2. Not a TodoWrite Upgrade — Two Independent Systems
In CC, Task System and TodoWrite coexist, toggled by isTodoV2Enabled() (utils/tasks.ts:133) — interactive sessions default to Task (V2), non-interactive/SDK sessions default to TodoWrite. The CLAUDE_CODE_ENABLE_TASKS env var can force-enable Task. Task has what TodoWrite lacks: file-lock concurrency protection, dependency enforcement, ownership, fs.watch reactive monitoring, lifecycle hooks.
3. Concurrent Claim Locking
claimTask() (utils/tasks.ts:541-612) uses dual locking to prevent races:
Task file lock: proper-lockfile locks {taskId}.json (up to 30 retries, exponential backoff 5-100ms). Inside the lock:
- Re-read task (prevent TOCTOU)
- Check already claimed by another →
already_claimed - Check already completed →
already_resolved - Check upstream not completed →
blocked - Set owner
List-level lock (agent busy check): .lock file, atomic scan of all tasks to check if the agent already has other open tasks.
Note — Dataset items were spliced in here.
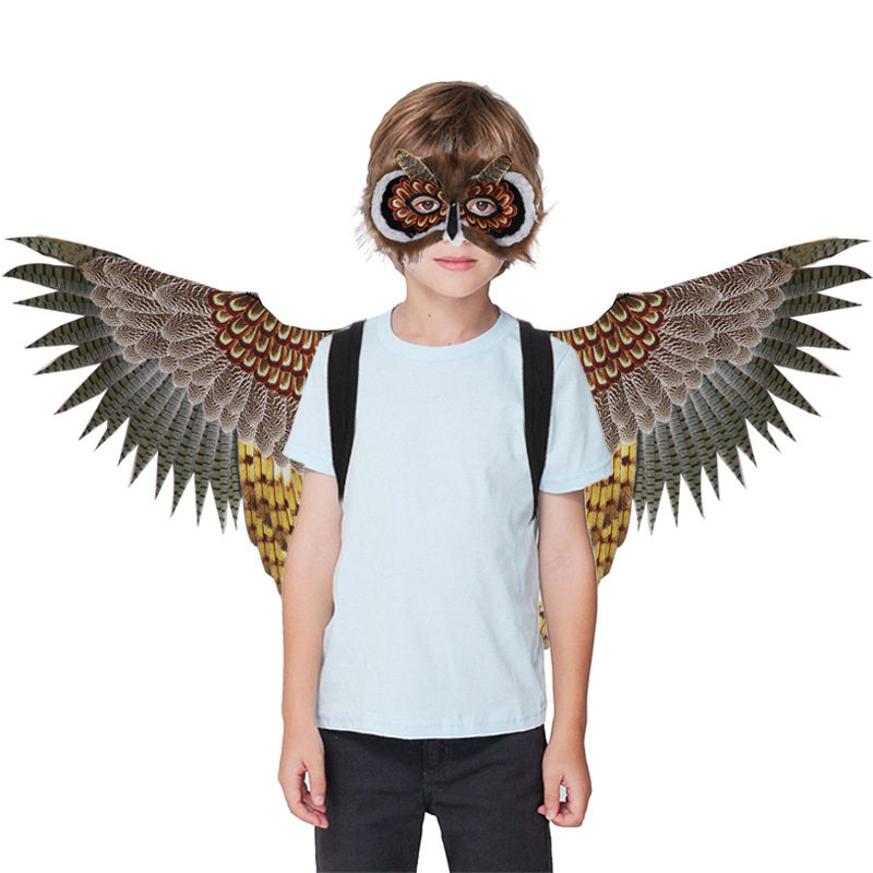 狂欢节新款儿童猫头鹰面具翅膀套装COSPLY派对舞台表演装饰品道具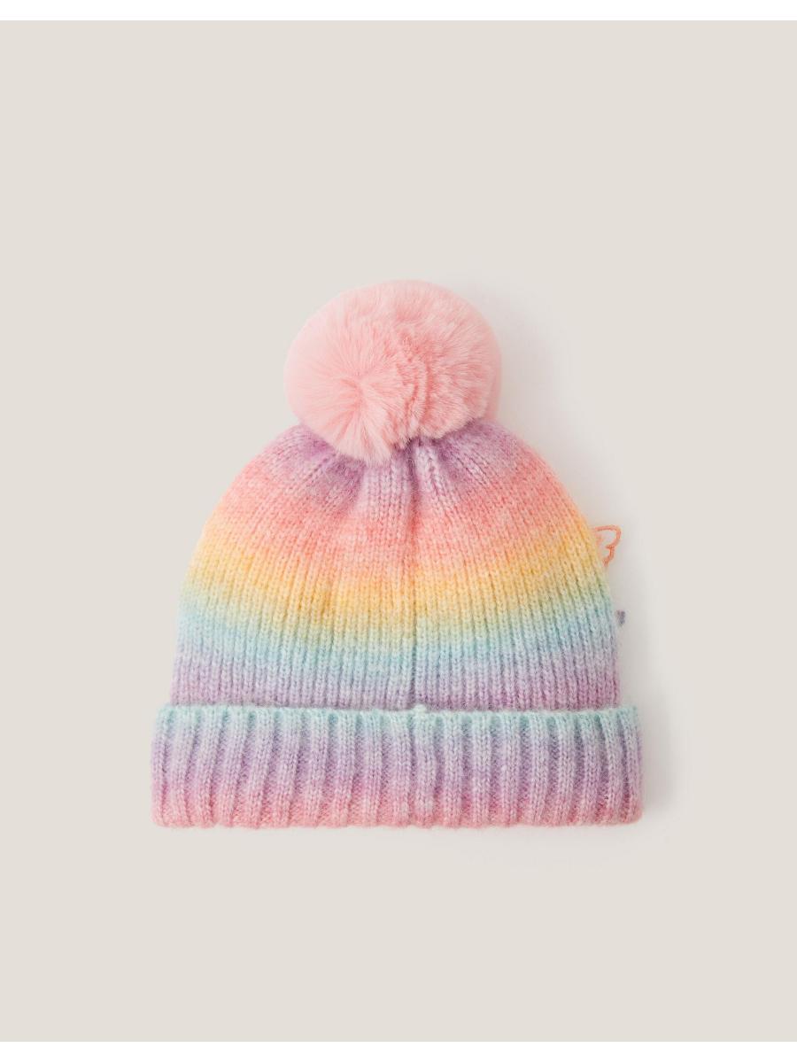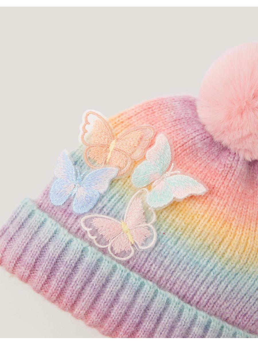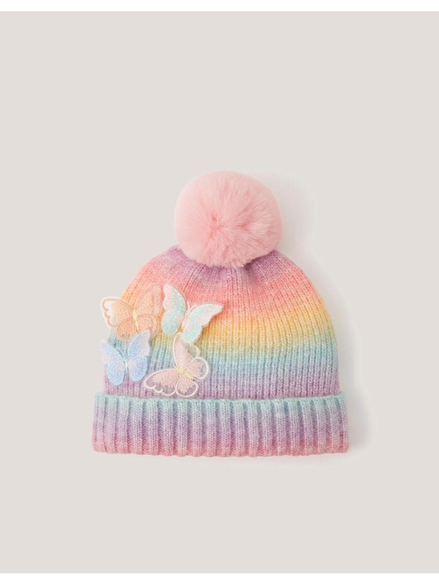 Serving looks, not chills. Brighten up the gloomy days of winter with this bobble beanie. Stitched with rainbow pastel yarns, it's decorated with fluttery butterflies and a pink faux fur pom-pom topper. Multi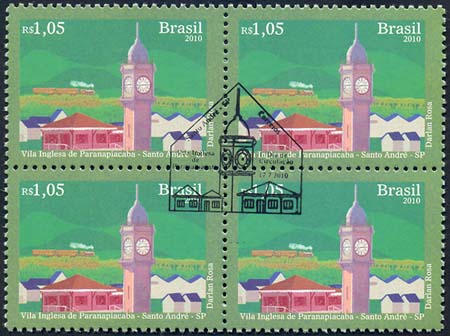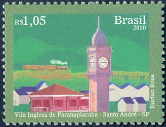 O selo mostra uma locomotiva a vapor em movimento, conhecida pela população brasileira como Maria Fumaça. Sobre fundo na cor verde, a Mata Atlântica da Serra do Mar e uma vista parcial da Vila Inglesa de Paranapiacaba, localizada no interior do município de Santo André, no Estado de São Paulo, com suas casas e alojamentos em estilo inglês. É mostrada, ainda, em destaque, a torre de tijolos maciços com sua peculiar cúpula e o característico relógio londrino da estação ferroviária, que confere uma atmosfera britânica ao local. O conjunto de edificações e o entroncamento ferroviário ali existente é um dos mais significativos exemplos da arquitetura e da engenharia ferroviária inglesa de fins do século XIX. A estação ferroviária, atualmente, é um dos ícones do turismo local. Foram utilizadas as técnicas de desenho e computação gráfica.

Note: The teaching version combines claiming and starting work into one step (claim = set owner + in_progress); real CC's claimTask primarily resolves owner competition — it only sets owner without changing status. Status updates are handled by TaskUpdate.
4. High-Water Mark to Prevent ID Reuse
The .highwatermark file records the highest task ID ever assigned. Even if a task is deleted, its ID won't be reused.
5. Four Task Tools
CC's task system has four tools (not the tutorial's single generic Task tool): TaskCreate, TaskGet, TaskUpdate, TaskList. All set isConcurrencySafe: true and shouldDefer: true (tool schemas aren't in the initial prompt; only visible after ToolSearch).
The teaching version's create_task(blockedBy=...) declares dependencies at creation time, which is a reasonable simplification. Real CC's TaskCreate only accepts subject/description/activeForm/metadata — dependencies are maintained via TaskUpdate's addBlocks/addBlockedBy.